Images which represent genuine rape and other forms of sexual abuse are
indeed abhorrent, but it is not their possession but their making which
should be criminalised. It really is breathtakingly feeble to bleat that it
is an ‘insuperable hurdle’ for the authorities to make such distinctions –
that is precisely what they should be doing, and then co-operating with
their colleagues overseas to track down and prosecute the makers of images
of genuinely non-consenting sexual activity. Instead, what will happen if
this thoroughly objectionable proposal becomes law is that the makers of
such material will blithely carry on regardless, whilst viewers of
consensual sado-masochistic pornography will live in constant fear of visits
from police forces whose behaviour in both the Spanner and Operation Ore
cases clearly demonstrates that it cannot be expected to behave in anything
other than an oppressive and authoritarian fashion in matters such as this.

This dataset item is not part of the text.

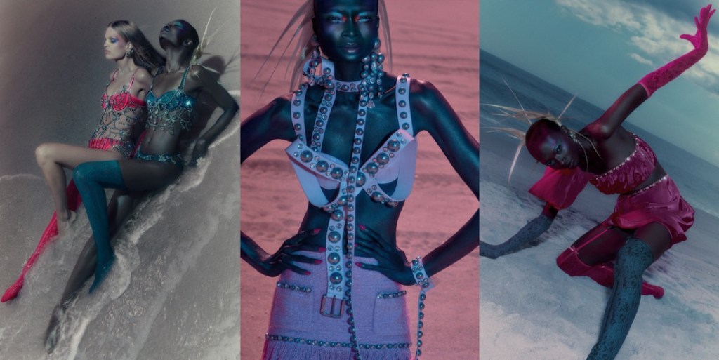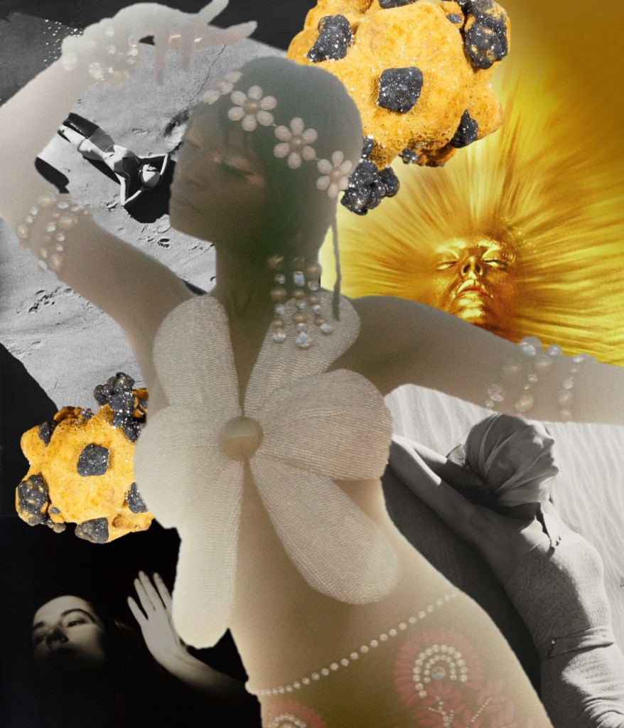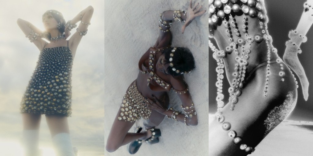 The eternal flora and fauna theme were Piotrek Panszczyk’s most obvious starting point for pre-fall 2022, taking hot pink duchesse satin and creating static floral poufs that could be sized up or down to create a crop top and mini skirt or an entrancing dress. Flowers also appear as spiked crystal tops and pasties, as sunglasses, as earrings, and as crystal pants that wind up the legs. Since Area’s last collection, its showgirl potential has become more fully realized; these experiments in fluttering crystal seem destined for Beyoncé, Olivia Rodrigo, Precious Lee, or any of the other larger-than-life women that swear by the brand’s devilishly saccharine clothes. Careful to not give it all away in a pre-collection, Panszczyk has balanced it out with sharpened tailoring in black, white, and brown houndstooth boasting crystal trim, as well as an extended section of leopard print pouf skirts and teensy bustiers. The disparate harmony of a blazers-to-pasties collection is justified by the Area books. According to Panszczyk and Area’s co-founder Beckett Fogg, the customer wants a crystal-strewn tee as much as she wants a Vegas-worthy headpiece. For seasons, Area has been reckoning with these two poles, daily use versus drama, but it seems the brand is on its way to a single more unified vision of something “dainty, natural, sultry, and thorny.” Per Panszczyk, “sexiness is just a byproduct of wearing Area.”

7. It is utterly absurd and unrealistic to believe that criminalising
possession of this kind of material will do anything whatsoever to make its
production less likely, as is claimed at paragraph 23: ‘Accessing extreme
pornographic images, particularly on paid-for sites, fuels the
demand/supply/demand cycle. We believe that an offence of possession of a
limited category of extreme adult material, may help break this cycle’.
Perhaps the politicians and civil servants who drew up this unpleasant
document really do believe that Britain still rules half the globe, but the
truth is that British subjects represent a tiny minority of the Internet’s
global users, and the makers of this kind of material will not give a fig
whether or not its possession is criminalised here.
8. One reason why the government wants to criminalise the possession of such
material appears to be that it believes it is harmful: ‘We consider that it
is possible that such material may encourage or reinforce interest in
violent and aberrant sexual activity to the detriment of society as a whole’
(paragraph 27). On the other hand, the document admits that it is ‘difficult
to get a clear picture and understanding of the possible harmful effects of
pornography’ (paragraph 29). As a consequence, it concludes that: ‘We are
unable, at present, to draw any definite conclusions based on research as to
the likely long term impact of this kind of material on individuals
generally, or on those who may already be predisposed to violent or aberrant
behaviour’ (paragraph 31).
9. However, just as the Bulger case was constantly invoked in 1993/4 by
those wishing to see more stringent controls on home videos, so the
Longhurst murder is repeatedly pressed into service here, its mantra-like
repetition seeming to obviate any need for reasoned debate on the subject.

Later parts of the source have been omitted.